A Python-Centered Fast Track to Multidisciplinary Data Science for Mathematics Students

John Ringland

Mathematics Department, University at Buffalo

Math students, through their comfort with abstraction, have a lot to offer the practice of data analysis, but many have led a sheltered life with no exposure to data or even to the "STE" of STEM. This course is designed to provide for such students a rapid introduction to tools and methods for acquiring, storing, manipulating, exploring, and displaying data - both small and big. Applications are drawn including astronomy, bioinformatics, health care informatics, mathematics, physics, urban and regional planning, and data journalism. The course embodies the following four principles: 1. Students learning by doing. The course is taught in an intensively hands-on format: rarely does 10 minutes pass without the students actively engaged in an activity. 2. Open-ended data explorations can challenge and stimulate the interest of students at all levels of experience and ability. 3. Writing reports gives students opportunities to integrate knowledge, to discover ways they can express themselves, and to create products they can be proud of. 4. Non-proprietary software empowers for the long term. We seek to provide tools and skills that students can continue to use after graduation - at work and at home, regardless of their career path. The Python programming language stands alone in being completely free, powerful enough, broadly applicable enough, and easy enough to learn quickly, to facilitate the ambitious demands of our course.
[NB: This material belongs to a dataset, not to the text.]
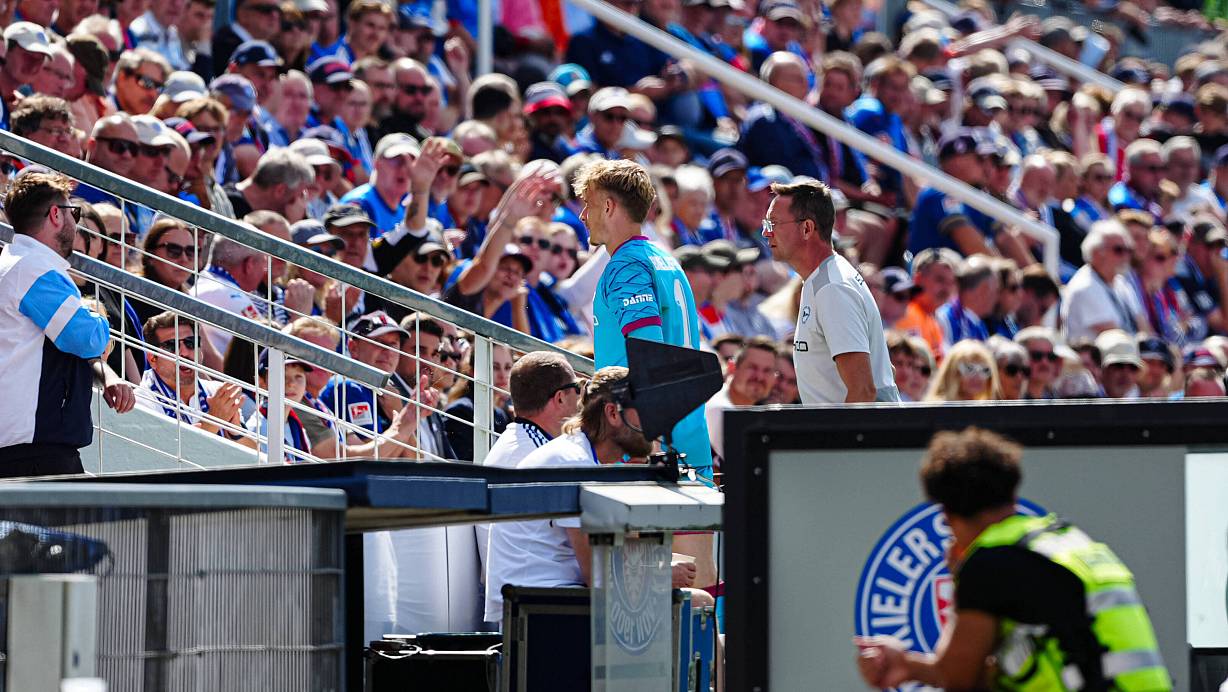 Der 24-Jährige sieht innerhalb weniger Minuten eine vollkommen vermeidbare Gelb-Rote Karte. Ersatzkeeper Leo Oppermann hält den 2:0-Sieg in Kiel fest.

It has excellent facilities for text-processing and web-scraping, for sophisticated graphics, for tabular data-processing beyond the capacities of spreadsheets, and interfaces with databases of all kinds and with big-data frameworks like Hadoop and Apache Spark, and with machine learning systems like Google Tensorflow. Geographical Information Systems like QGIS (and its proprietary counterparts) are scriptable with Python. I will show examples of course modules and of work produced by students.